What are the implications of our results? First and foremost, our data provide novel support to the notion that patients with impaired systolic and/or diastolic function and a reduced DLCO should be flagged as being at a higher risk of admission to the hospital. Secondly, they set the stage for prospective studies looking at changes in DLCO as the treatment of the underlying cardiac dysfunction is optimised. If so, it is conceivable that a higher DLCO over time could be associated with a lower risk of hospitalisation, particularly when there is a direct cause–effect relationship between ventricular function and a low DLCO. Thirdly, the advent of reliable point-of-care DLCO measurement systems raises the perspective that easily accessible results could play an unexplored role in the longitudinal follow-up of these patients. Finally, the added value of the diffusion coefficient (KCO=DLCO/alveolar volume) in those with preserved DLCO also merits investigation since a low KCO but normal DLCO indicates impaired gas exchange efficiency, which might be related to abnormal pulmonary perfusion due to cardiovascular disease [15].
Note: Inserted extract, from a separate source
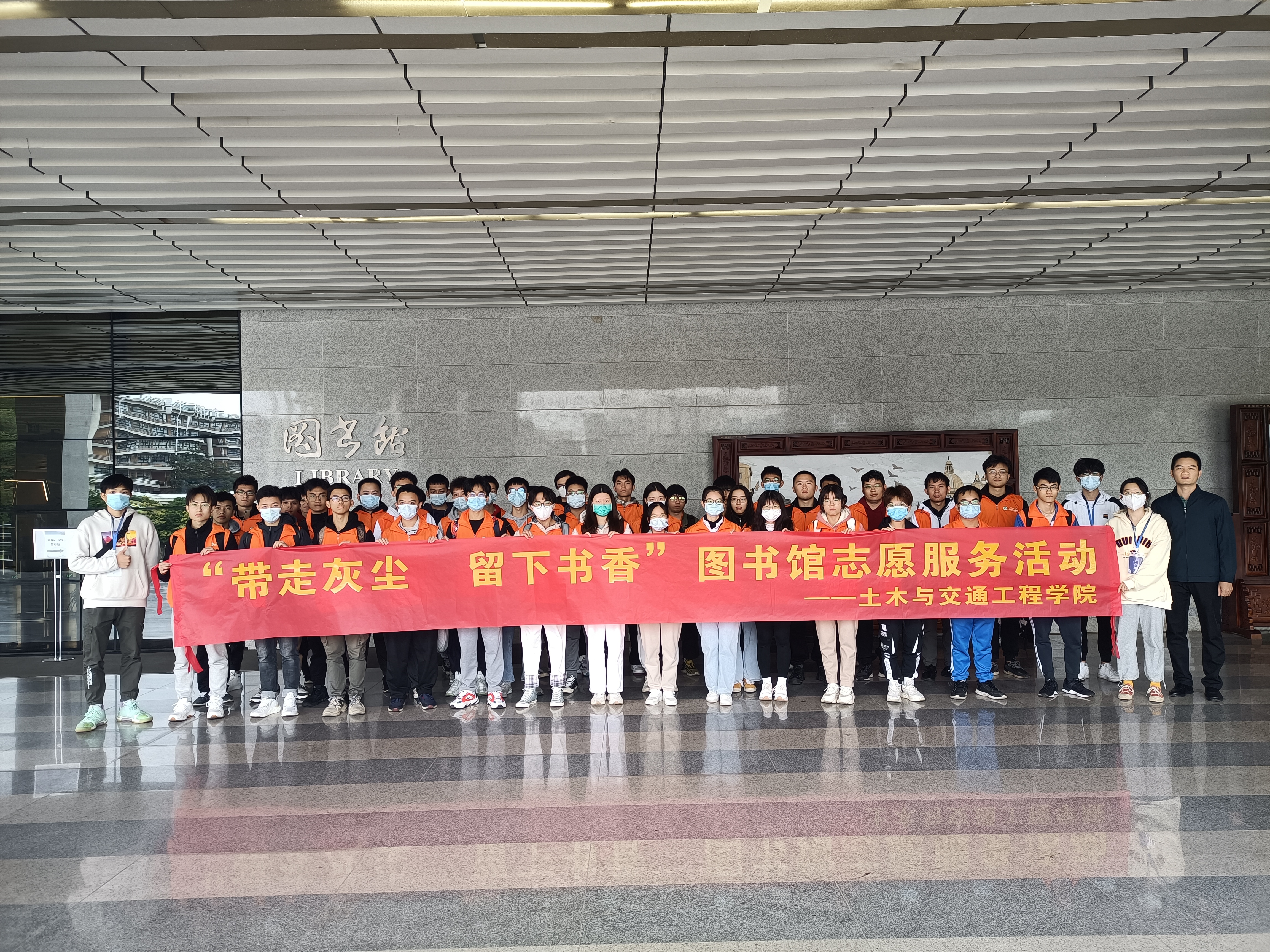 学史力行,以行践知。为进一步在学生中推进党史学习教育,响应习近平总书记“雷锋精神,人人可学;奉献爱心,处处可为”的号召,切实为师生办实事、做好事,我院团委在图书馆师生的支持下,于近期正式启动“带走灰尘,留下书香”主题志愿服务项目。11月24日,我院土木工程第二党支部、城地测绘本科生党支部40余名学生党员和入党积极分子,走进大学城校区图书馆开展志愿服务。

Our analysis does have some inherent limitations given that it is a retrospective review from objective testing results. Despite the fact that a reduced DLCO remained a strong predictor of hospitalisations even when removing subjects with airflow limitation or a FEV1 <80% predicted, we cannot rule out that a low DLCO may have been negatively influenced by other concomitant pathologies, including pulmonary disease. The relatively small number of events also precluded further investigating the potential effects of worsening ventricular function on our main outcome. The confounding effects of anaemia should also be considered as well as the deleterious effects of recent smoking.

In conclusion, DLCO measurements provide meaningful clinical information to help predict hospital admissions in patients with CHF. As pulmonary function testing is frequently available in these patients, our data indicate that those with a reduced DLCO should be monitored more closely in an attempt to reduce the burden of repeated hospital admissions.